Dans cet objectif, la Licra collabore aussi régulièrement avec toutes les associations partageant des objectifs similaires et la promotion des valeurs universalistes. « On travaille intelligemment et en bon compagnonnage avec le Crif, l’UEJF, j’ai des relations également avec le recteur de la Grande Mosquée de Paris. Je sais sa situation compliquée, je regrette néanmoins ses choix depuis le 7 octobre ; je dois dire que depuis l’attaque terroriste du 7 octobre, chacun a dû se positionner, et dans ce positionnement, je n’ai pas eu beaucoup de relations avec les autres associations telles que la Ligue des droits de l’homme, le MRAP, et même SOS racisme.  Ces dernières ayant en effet adopté une approche communautaire plutôt qu’universaliste, exacerbant les tensions entre les divers groupes, causant parfois des dérives dans le débat public. » Il souligne ainsi les césures qui ont fait surface au grand jour entre deux camps, entre ceux qui considèrent le Hamas comme un mouvement de résistance, jugeant la réplique d’Israël comme un massacre génocidaire, et les autres qui considèrent le droit d’Israël à se défendre et la nécessité vitale de lutter contre un groupe terroriste.
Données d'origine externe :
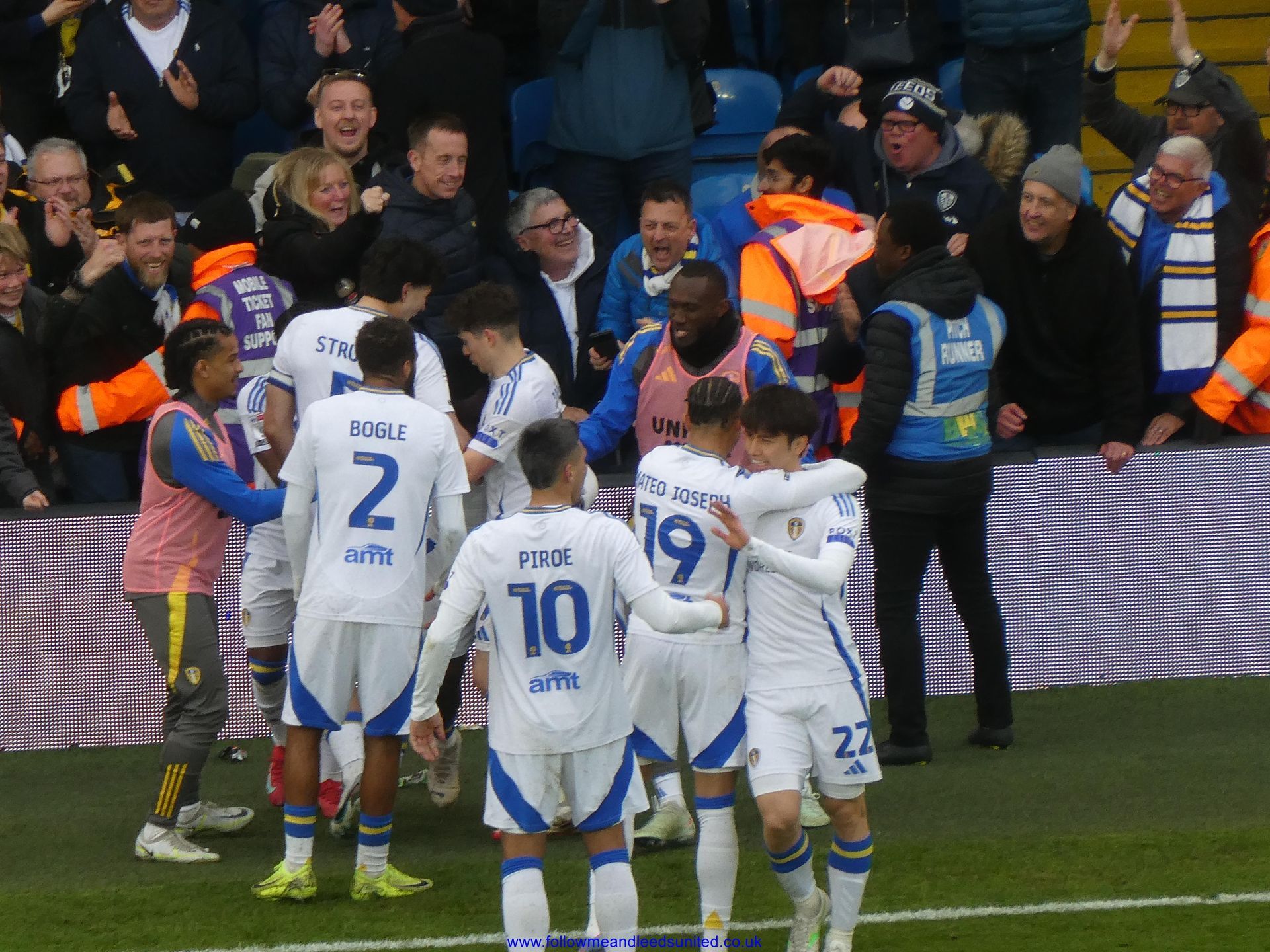 The second half had kicked off by the time I got back to my seat (by the way those padded seats are a far cry from my usual one in the Kop but are very comfy). We were very unlucky not to get a second goal as James kept the ball in on the by line then Aaronson sent the ball into the middle of the box and Piroe saw the keeper make a good save from his shot. James also saw the keeper make a good save from him. We let Swansea back into the game unexpectedly from a corner. Meslier went up unopposed to catch the ball, dropped it but the first person to react was their player to put the ball into the net. Prior to that he’d made a great save to keep them out then this happened. Gnonto came on as sub and from a corner Struijk saw their keeper make another great save but then Gnonto hit a great shot from the edge of the box to take the lead once again. Swansea had been time wasting and I thought there may be six minutes of injury time but there was seven. After we had got that goal, instead of consolidating the lead and seeing the game out, we did everything to give Swansea the chance to equalise by losing the ball, then the man from our throw in before they equalised once again with six minutes added on. With lots blaming Meslier for this goal too which I don’t, you can see on replays we had six players there who were all ball watching who had already switched off in my opinion. Swansea never gave up and deserved their point to be honest.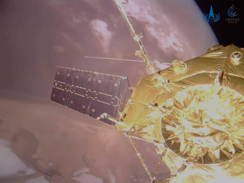 Фотографии орбитального зонда на фоне Марса сделала специальная отделяемая от аппарата камера. «Тяньвэнь-1» стартовал летом 2020 года. Это первый проект Китая по исследованию Марса автоматическими механизмами.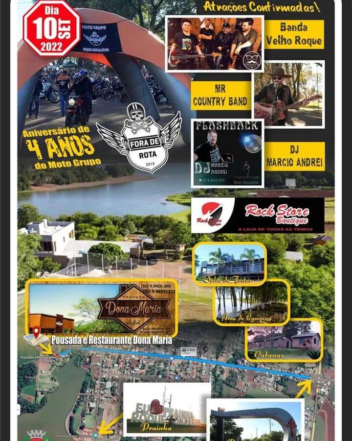 🏍 O evento acontecerá no próximo dia 10 de setembro na Pousada Dona Maria com acampamento no dia 09 de setembro. Haverá show com Bandas de Rock, café da manhã 0800 para os Motociclistas que realizarem sua inscrição com os organizadores do evento.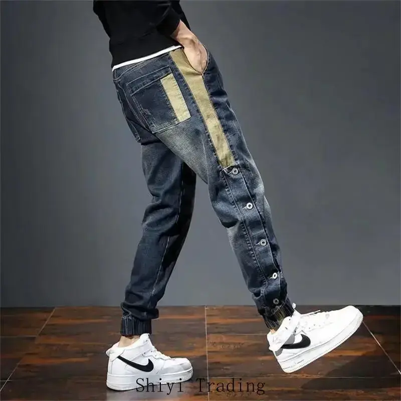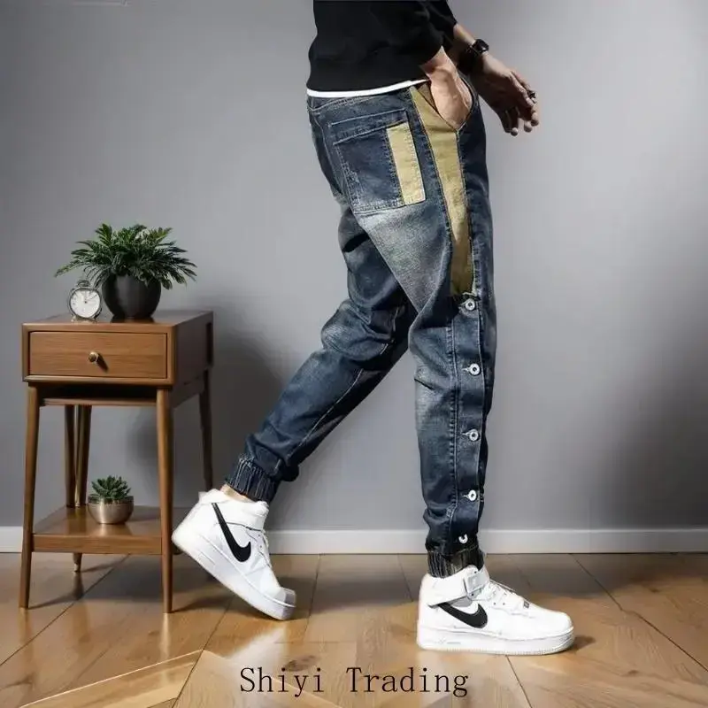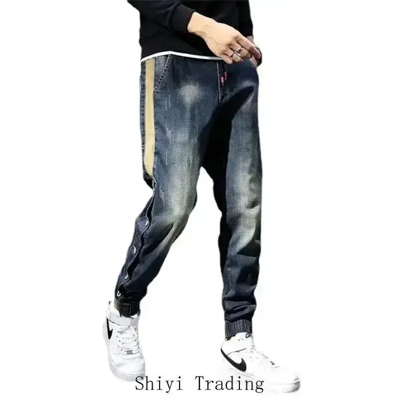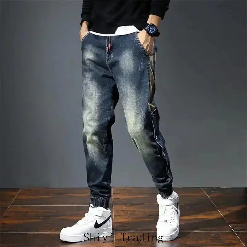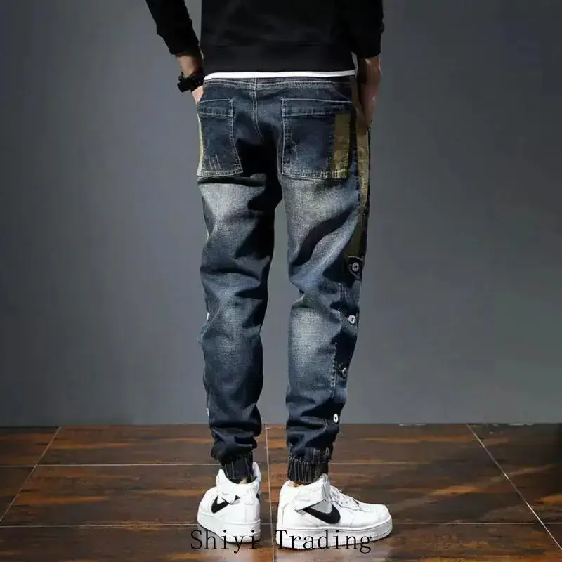 Mens Jeans Harem Pants man Stretch Slim Drawstring Casual Jogging Denim Trousers Male Hip Hop men clothing Pocket 304 Blue_Beige Streetwear Menswear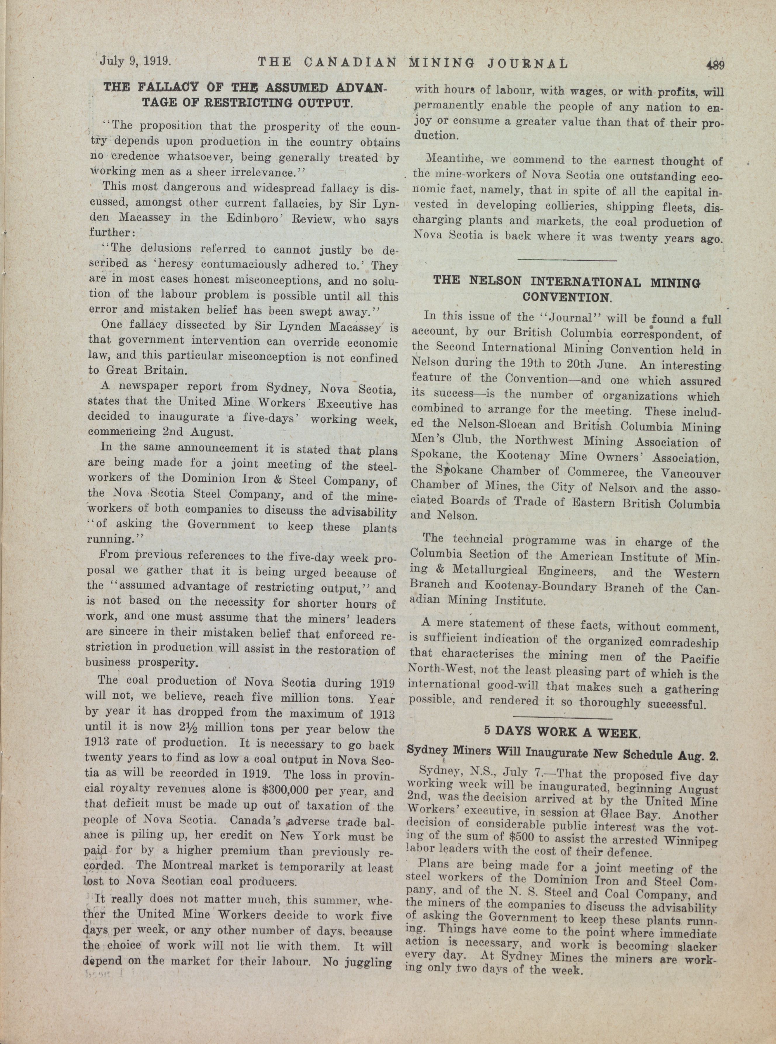 The Canadian Mining Journal : Vol. XL, No. 27 (July 9, 1919)

Un combat plus que jamais nécessaire sur la toile

Une différence qui se répand aussi sur les réseaux sociaux, devenus pour certains déplore-t-il, de véritables déversoirs de haine – « les réseaux sociaux sont des accélérateurs de particules haineuses » – particulièrement X (ex Twitter) qui ne compte que très peu de modérateurs en langue française. « On s’est toujours battu et nous continuerons à nous battre pour une régulation réelle et efficace des réseaux sociaux. La liberté d’expression ne permet pas tout, le racisme et l’antisémitisme ne sont pas des opinions, ce sont clairement des délits. Tout ce qui est interdit par la Convention européenne des droits de l’homme, la Cour européenne des droits de l’homme, la loi de 1972 contre le racisme dans notre bloc de constitutionalité n’a pas à se retrouver sur les réseaux sociaux ! Les hébergeurs doivent être tenus responsables de ce qui est publié sur leur site. Une régulation plus ferme et rapide, c’est ce à quoi nous travaillons. »

Lucide sur la gravité de la situation actuelle, Mario Stasi se dit d’un « optimisme lucide » qui ne se laisse jamais abattre devant les tâches à accomplir, que ce soit dans son travail d’avocat ou avec la Licra, qui mène, dit-il, « une lutte de chaque instant pour veiller à ce que cette République ne vacille pas vers un extrémisme ou vers un autre ». L’association peut en tout cas compter sur le dévouement inébranlable de son président pour défendre cet idéal universaliste et républicain.